I saw the sign for the Turkish bath from a block away. It pointed down a dark alley. It looked kind of sketchy, but when in Istanbul, do as the Turks do, I thought.
The Tarihi Galatasaray Hamami bath started in 1481. It is the oldest Turkish bath in Istanbul. Not knowing what to expect, and ready for anything (well excluding getting naked of course), I pushed my way through the door. I was met by the manager of the establishment, a friendly gentleman who explained that I could leave my valuables in the locked changing room after I disrobed. I took off my clothes, wrapped a thin towel around my waist, and shuffled into the common area on wooden clogs that were too small for my feet.
“Please, go with Omar,” said the manager as he gestured to a man walking towards me.
Omar Sharif was a pudgy middle-aged man with large hands. He was wearing a towel and clogs like me. He looked eerily like Khalid Sheikh Mohammed, the notorious Al-Quaeda mastermind jailed in Guantanamo Bay.
“Come, come,” he said to me in his limited, broken English.
He led me into a large circular room with a domed ceiling. In the middle of the room was a giant marble slab. The room was hot and humid, not quite as hot as a sauna, but close.
“Lie down,” said Omar as he gave me another towel and a pillow for my head. He then disappeared through a door.
I laid down on the hard marble, but soon relaxed as the heat seeped into my bones. My pores opened up and I started to sweat. The grime that had accumulated on my skin as I had walked around the dirty city of Istanbul all day started to loosen in the sweat. I got drowsy from the heat and almost nodded off.
I was relaxed, but I was ready in case anyone attacked me. OK, I was just dreaming about that scene in the movie called Eastern Promises where Viggo Mortenson fights some other Russian mobsters.
After a while Omar came back. While I laid down on the marble with just the scrunched up towel covering my groin, he starting rubbing me all over with a rough sponge mitt. He rubbed my skin very hard, scraping over and over. Removing dead skin I guess. Either that or this was some form of torture in the old Ottoman Empire.
Next, he started massaging the muscles in my arms and legs. Hey, I thought, this feels kind of good. I normally don’t like people touching me and never get a massage. He had very strong hands and kneaded my muscles over and over. This was fine, until he starting digging his thumb deep into a muscle and pulling down the length of the muscle. He attacked my calves, my hamstrings, and my quadriceps. I grunted with pain. It was all I could do to not cry out like a little girl and start wailing. But, I couldn’t let him see me act like anything but a tough guy. I was in a Turkish bath, for crying out loud.
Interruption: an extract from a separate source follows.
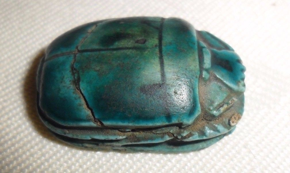 ANTIQUE EGYPTIAN FAIENCE SCARAB BEETLE

Wait, I was in a Turkish bath and I did actually want to cry out loud!
All during this torture session Omar sang songs and chanted to himself in Turkish or something. He must really enjoy his job. He gets to torture people with his strong thumbs.
Finally the “massage” was over. He took me over to the corner of the room and made me sit on a marble step. He then grabbed a big sponge mitt and soaped me all over. Next, he grabbed the top of my head to hold me still while he dumped buckets of cold water over me. More painful massage followed, including some half-nelson arm twists. Please don’t accidentally break my neck, Omar!
More soap, more cold water. The wash and rinse cycle was repeated several times. This was followed by more hard scrubbing. Omar kept singing to himself, stopping every once in a while to see if I was ok. Once in a while he would stop working me over and dump cold water over his own head. I guess he was working up a sweat and needed to cool off.
By the end I was certainly clean and went into the next room to take a cold shower for a cool down. I felt good overall, except for the bruises in my thighs from his massive thumbs.